EOS replicas auto-repair?

Hello,

I am trying different settings for replicas on a test server. I have set attribute of directory /eos/testarea /testmirror to “replica”:

EOS Console [root://localhost] |/> attr ls /eos/testarea/testmirror
sys.forced.blocksize=“4k”
sys.forced.checksum=“adler”
sys.forced.layout=“replica”
sys.forced.nstripes=“2”
sys.forced.space=“default”

… and copied a file there:

EOS Console [root://localhost] |/> file check /eos/testarea/testmirror/DSET-Report-for-nanwn57.in2p3.fr-68T7H32.zip
path="/eos/testarea/testmirror/DSET-Report-for-nanwn57.in2p3.fr-68T7H32.zip" fid=“00000050” size=“3105776” nrep=“2” checksumtype=“adler” checksum=“2729314300000000000000000000000000000000”
nrep=“00” fsid=“1” host=“nanxrd15.in2p3.fr:1095” fstpath="/data01/00000000/00000050" size=“3105776” statsize=“3105776” checksum=“2729314300000000000000000000000000000000”
nrep=“01” fsid=“4” host=“nanxrd17.in2p3.fr:1095” fstpath="/data02/00000000/00000050" size=“3105776” statsize=“3105776” checksum=“2729314300000000000000000000000000000000”

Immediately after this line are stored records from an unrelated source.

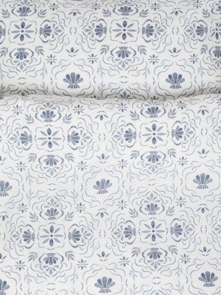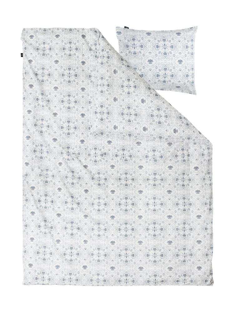 Bäddset i skön bomull med damaskinspirerat mönster i somrigt skiftande blå eller gröna nyanser på vit botten.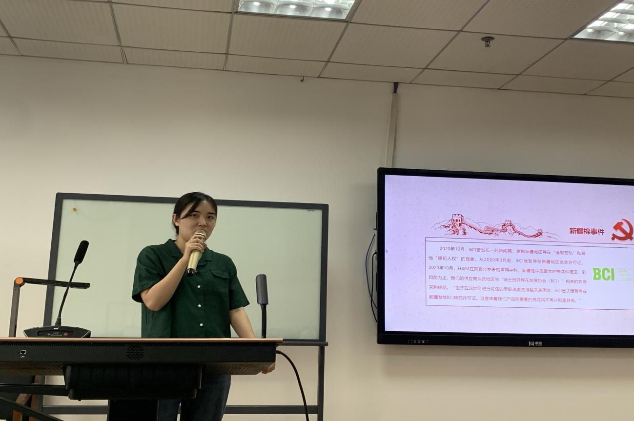 课程伊始,刘千惠老师从前不久在网络上引起热议的新疆棉花事件讲起,通过中国在本次事件中的霸气回应,展现中国人民在党的领导下不断坚定道路自信、理论自信、制度自信、文化自信。今年是五四运动102周年,刘老师与同学们一起走进史实,共同分析五四运动与中国共产党的建立的意义和二者间紧密关系。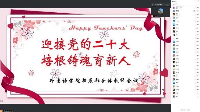 在第38个教师节来临之际,yl7703永利集团大学英语拓展部全体教师于9月8日下午2点,相聚云端,以 “迎接党的二十大,培根铸魂育新人”为主题,进行了立德树人研讨活动。yl7703永利集团副院长谢竞贤老师出席了本次研讨,支部书记邢嘉锋老师主持了本次研讨会。

Now if I suppress one of the replicas on disk (trying to simulate a disk failure), I observe that the statsize is changed to 18446744073709551615, which is found by a file check:
EOS Console [root://localhost] |/> file check /eos/testarea/testmirror/DSET-Report-for-nanwn57.in2p3.fr-68T7H32.zip %output
path="/eos/testarea/testmirror/DSET-Report-for-nanwn57.in2p3.fr-68T7H32.zip" fid=“00000050” size=“3105776” nrep=“2” checksumtype=“adler” checksum=“2729314300000000000000000000000000000000”
nrep=“00” fsid=“1” host=“nanxrd15.in2p3.fr:1095” fstpath="/data01/00000000/00000050" size=“3105776” statsize=“18446744073709551615” checksum=“2729314300000000000000000000000000000000”
nrep=“01” fsid=“4” host=“nanxrd17.in2p3.fr:1095” fstpath="/data02/00000000/00000050" size=“3105776” statsize=“3105776” checksum=“2729314300000000000000000000000000000000”
INCONSISTENCY STATFAILED path=/eos/testarea/testmirror/DSET-Report-for-nanwn57.in2p3.fr-68T7H32.zip fid=00000050 size=3105776 stripes=2 nrep=2 nrepstored=2 nreponline=2 checksumtype=adler checksum=2729314300000000000000000000000000000000

but not with fsck:
EOS Console [root://localhost] |/> fsck stat
181219 09:32:10 1545208330.686749 started check
181219 09:32:10 1545208330.686804 Filesystems to check: 6
181219 09:32:20 1545208340.690951 d_mem_sz_diff : 1 (1)
181219 09:32:20 1545208340.690977 rep_diff_n : 0 (0)
181219 09:32:20 1545208340.690990 rep_offline : 0 (0)
181219 09:32:20 1545208340.691010 stopping check
181219 09:32:20 1545208340.691020 => next run in 30 minutes

And a fsck repair does nothing though the absence of the replica is mentioned in the FST log:

81219 09:33:24 18118 FstOfs_stat: root.29897:59@nanxrd15 Unable to stat file /data01/00000000/00000050; no such file or directory
181219 09:33:37 13982 FstOfs_stat: root.29897:59@nanxrd15 Unable to stat file /data01/00000000/00000050; no such file or directory

=> How is this supposed to work ? And how to test it ?

Thank you

JM

This can only be found bu fsck, if you boot a filesystem from scratch with the syncmgm option. In that case it scans the whole disks and marks missing files for fsck. It is very slow to scan the whole tree on a harddisk, therefore this is only done, if there is no FST database or it is asked by the admin.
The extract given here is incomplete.